If he still has one, because right now, I’m not so sure.

“Whatever issues you have with me are things we can either work through or just agree to call it quits on our friendship,” I say to him. “But that doesn’t change the fact—no matter which path you choose—that me and Alina are together, and I’m not about to go anywhere.”

His mouth sets into a hard line.

He looks like he wants to crack skulls.

Starting with mine.

“And you need to get used to that, or you’ll lose your sister,” I say, unwilling to let him off the hook.
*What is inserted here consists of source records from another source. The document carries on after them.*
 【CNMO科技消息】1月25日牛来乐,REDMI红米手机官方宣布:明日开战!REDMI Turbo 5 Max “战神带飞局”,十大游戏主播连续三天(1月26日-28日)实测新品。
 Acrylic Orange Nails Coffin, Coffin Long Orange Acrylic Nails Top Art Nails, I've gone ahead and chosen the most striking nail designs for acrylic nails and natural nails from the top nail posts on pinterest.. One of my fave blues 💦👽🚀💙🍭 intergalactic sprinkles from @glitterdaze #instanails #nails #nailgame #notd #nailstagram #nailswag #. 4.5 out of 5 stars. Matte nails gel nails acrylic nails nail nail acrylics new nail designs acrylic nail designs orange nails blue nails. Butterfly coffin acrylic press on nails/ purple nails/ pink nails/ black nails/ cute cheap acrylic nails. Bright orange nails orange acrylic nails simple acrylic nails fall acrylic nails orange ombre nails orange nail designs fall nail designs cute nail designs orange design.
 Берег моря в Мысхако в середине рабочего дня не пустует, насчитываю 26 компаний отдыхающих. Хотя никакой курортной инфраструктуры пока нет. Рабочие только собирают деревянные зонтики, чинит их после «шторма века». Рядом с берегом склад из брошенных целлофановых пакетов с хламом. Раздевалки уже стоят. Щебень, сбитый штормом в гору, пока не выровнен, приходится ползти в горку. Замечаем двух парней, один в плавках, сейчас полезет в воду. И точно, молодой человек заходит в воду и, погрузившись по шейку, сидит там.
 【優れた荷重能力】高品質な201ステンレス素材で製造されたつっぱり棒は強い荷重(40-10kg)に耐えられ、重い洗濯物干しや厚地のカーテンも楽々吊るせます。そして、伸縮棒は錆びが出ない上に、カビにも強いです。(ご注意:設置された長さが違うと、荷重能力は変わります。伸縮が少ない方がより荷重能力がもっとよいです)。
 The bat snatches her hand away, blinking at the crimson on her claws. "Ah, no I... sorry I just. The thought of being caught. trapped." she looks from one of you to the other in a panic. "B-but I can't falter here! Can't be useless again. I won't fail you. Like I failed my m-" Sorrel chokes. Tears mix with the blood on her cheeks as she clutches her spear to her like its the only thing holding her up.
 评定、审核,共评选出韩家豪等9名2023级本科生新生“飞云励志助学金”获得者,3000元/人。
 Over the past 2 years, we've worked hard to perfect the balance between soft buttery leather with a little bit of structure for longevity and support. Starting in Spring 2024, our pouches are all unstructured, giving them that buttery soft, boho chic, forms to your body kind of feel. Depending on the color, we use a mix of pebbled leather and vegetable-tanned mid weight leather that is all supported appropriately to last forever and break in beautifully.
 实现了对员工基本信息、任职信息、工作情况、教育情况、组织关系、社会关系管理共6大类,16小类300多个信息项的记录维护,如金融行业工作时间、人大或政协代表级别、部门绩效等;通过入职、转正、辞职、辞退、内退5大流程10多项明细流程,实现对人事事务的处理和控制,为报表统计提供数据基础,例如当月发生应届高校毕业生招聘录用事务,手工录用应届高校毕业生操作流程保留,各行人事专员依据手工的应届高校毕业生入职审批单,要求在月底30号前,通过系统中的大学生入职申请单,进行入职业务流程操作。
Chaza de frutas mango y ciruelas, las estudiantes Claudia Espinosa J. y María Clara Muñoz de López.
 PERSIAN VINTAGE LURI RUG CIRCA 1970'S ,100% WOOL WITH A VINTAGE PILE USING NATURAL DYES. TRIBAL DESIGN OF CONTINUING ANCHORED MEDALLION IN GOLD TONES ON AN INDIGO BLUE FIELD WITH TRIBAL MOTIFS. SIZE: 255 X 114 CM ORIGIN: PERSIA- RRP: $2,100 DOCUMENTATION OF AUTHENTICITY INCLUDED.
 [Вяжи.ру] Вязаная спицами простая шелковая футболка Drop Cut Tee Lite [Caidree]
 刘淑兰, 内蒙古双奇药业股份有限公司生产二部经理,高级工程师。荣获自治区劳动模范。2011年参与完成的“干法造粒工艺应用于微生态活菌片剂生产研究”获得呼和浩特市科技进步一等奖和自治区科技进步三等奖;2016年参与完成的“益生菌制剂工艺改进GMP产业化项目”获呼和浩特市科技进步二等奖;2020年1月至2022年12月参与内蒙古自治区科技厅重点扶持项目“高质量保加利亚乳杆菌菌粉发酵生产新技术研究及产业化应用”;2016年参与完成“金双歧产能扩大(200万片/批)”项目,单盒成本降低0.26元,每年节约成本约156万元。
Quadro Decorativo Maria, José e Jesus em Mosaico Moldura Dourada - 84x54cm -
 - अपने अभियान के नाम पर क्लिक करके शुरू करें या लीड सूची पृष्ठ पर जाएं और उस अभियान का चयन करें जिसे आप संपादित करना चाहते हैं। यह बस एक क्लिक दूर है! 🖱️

“Me losing my sister?” Demyan growls, throws back a big swallow of vodka. “Is this you telling me that you’ll have a say in such a thing?”

“No. I won’t have a say in anything. This is about Alina, and her decisions. What I’m doing is warning you, continue this and she’ll go. We both know it.”

“I don’t need or want your advice, Belov, on how to deal with my own sister. You are nothing more than a blip.” He finishes the rest of his drink, gets up, and storms out.

“Well, fuck,” I mutter with a sigh as I lean back in my chair.

I pull their bill over to me and add it to mine. Then I slide my card inside for both of them and rub my eyes.

It feels like I ran a marathon super hard and came in last.

Honestly, I’m at a loss. I don’t know what else I can do to fix this.

I’ve never seen Demyan like this. Ever.

The man I know, no matter how furious, wouldn’t do this. Wouldn’t turn to stone where nothing could touch him. Sure, he would have hit me, but he’d have laughed by now, softened a little, taken some of the things I’ve given him to save face, and turn it all around.